A good one: A 5'10" player went up and caught a pass off a defensive back over six feet tall. The quote? "He's got some hops."

Best homonym of the day so far: "It's all tied. Alabama 34, Kentucky 3." Oh, Tide.

"Steve Hooker commentates on his Olympic pole vault gold medal." When "comments" just won't do.

"He's certainly capable of the top ten, maybe even higher than that."

"Atlanta is capable of doing what they're doing."

"Biyombo, one of seven kids from the Republic of Congo." In the NBA? In America? In his whole country?

"You can't come out and be aggressive but you can't come out and be unaggressive."

"They're gonna be in every game they play!"

"First you have to get two strikes on the hitter before you get the strikeout."

"The game ended in the final seconds." You have to wonder when the others ended or are they still going on?

How is a team down by one touchdown before the half "totally demoralized?"

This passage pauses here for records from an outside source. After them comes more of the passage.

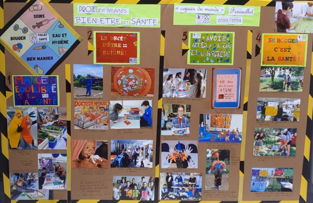 En mode « zen », un panneau récapitulatif a été réalisé pour retracer, en photos, le bilan de notre projet : « le droit au bien être et à une bonne santé » et nous avons aussi terminé notre visuel symbolisant la protection de l’eau.
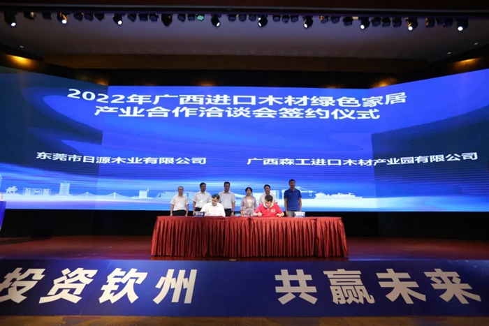 6月23日,自治区林业局、钦州市政府联合在东莞市举办“投资钦州 共赢未来——2022年广西进口木材绿色家居产业合作洽谈会”。本次活动邀请了大湾区近30家以进口木材为原料、以国际市场为靶向的家具企业参加,现场集群签约总投资额超12亿元。钦州市人民政府副市长张红丹参加会议并致辞,广西自治区林业局一级巡视员邓建华远程致辞。广西森工集团党委书记、总经理黎小波出席会议并签署战略合作框架协议。
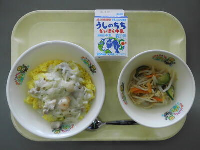 牛乳 クリームソース ターメリックライス もやしのサラダ
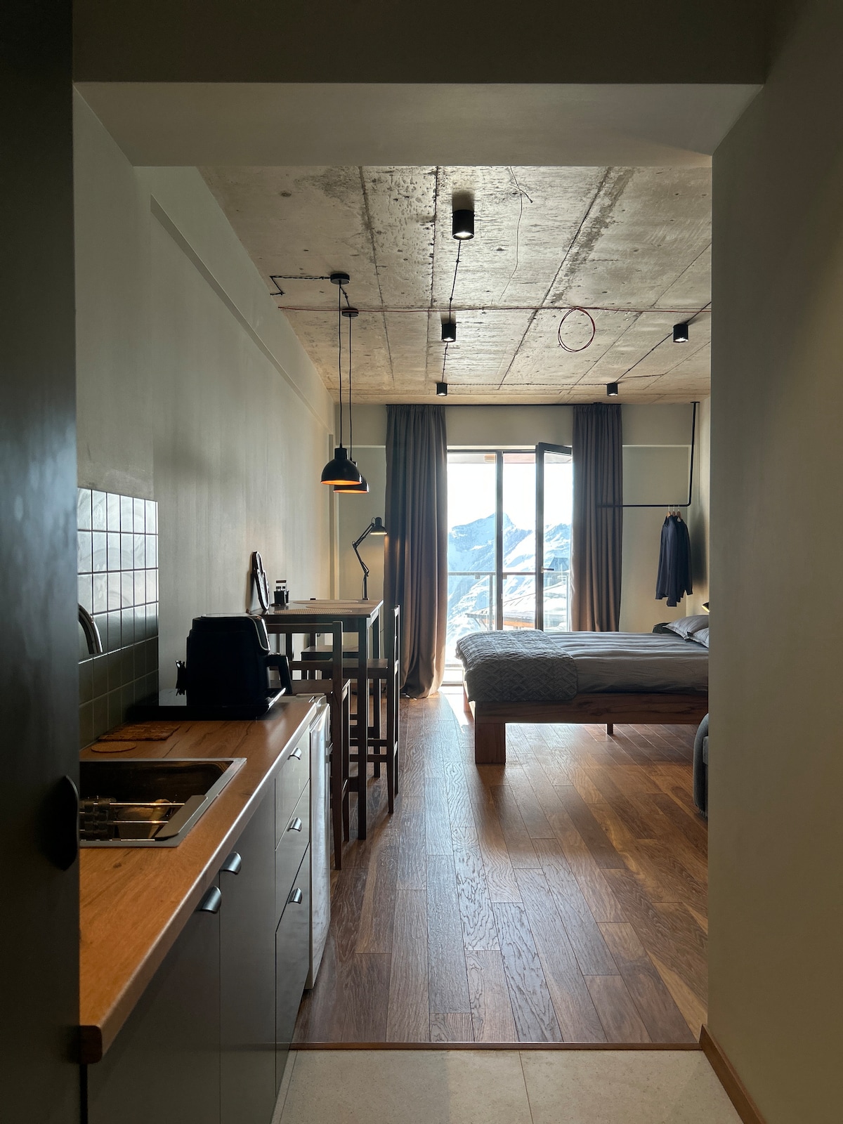 Bienvenido a este luminoso y acogedor apartamento tipo estudio, perfectamente situado en New Gudauri. Ubicación tranquila, aparcamiento privado gratuito y al mismo tiempo muy cerca de todo (supermercado, farmacia, cafeterías, bares y los mejores cursos de esquí). El apartamento ofrece una mezcla armoniosa de confort moderno y un ambiente cálido. Con una cómoda cama, un acogedor sofá, una cocina bien equipada y un baño moderno, tiene todo lo necesario para relajarse y recargar las pilas.

"If they score runs they will win."

"I think the matchup is what it is"

After a play a Houston defender was on his knees, his head on the ground and his hand underneath him appeared to clutch a very sensitive part of the male anatomy. He rolled onto his back and quickly removed his hand. (Remember the old Cosby routine "you cannot touch certain parts of your body?") Finally they helped the guy to the sideline and then the replay was shown. In it the guy clearly took a hard knee between his thighs. As this was being shown, one of the announcers says, "It looks like he hurt his shoulder." The other agrees and then they both talk about how serious a shoulder injury can be. Were we watching the same game?

"Somebody is going to be the quarterback or we're going to see a new quarterback."

"That was a playmaker making a play.”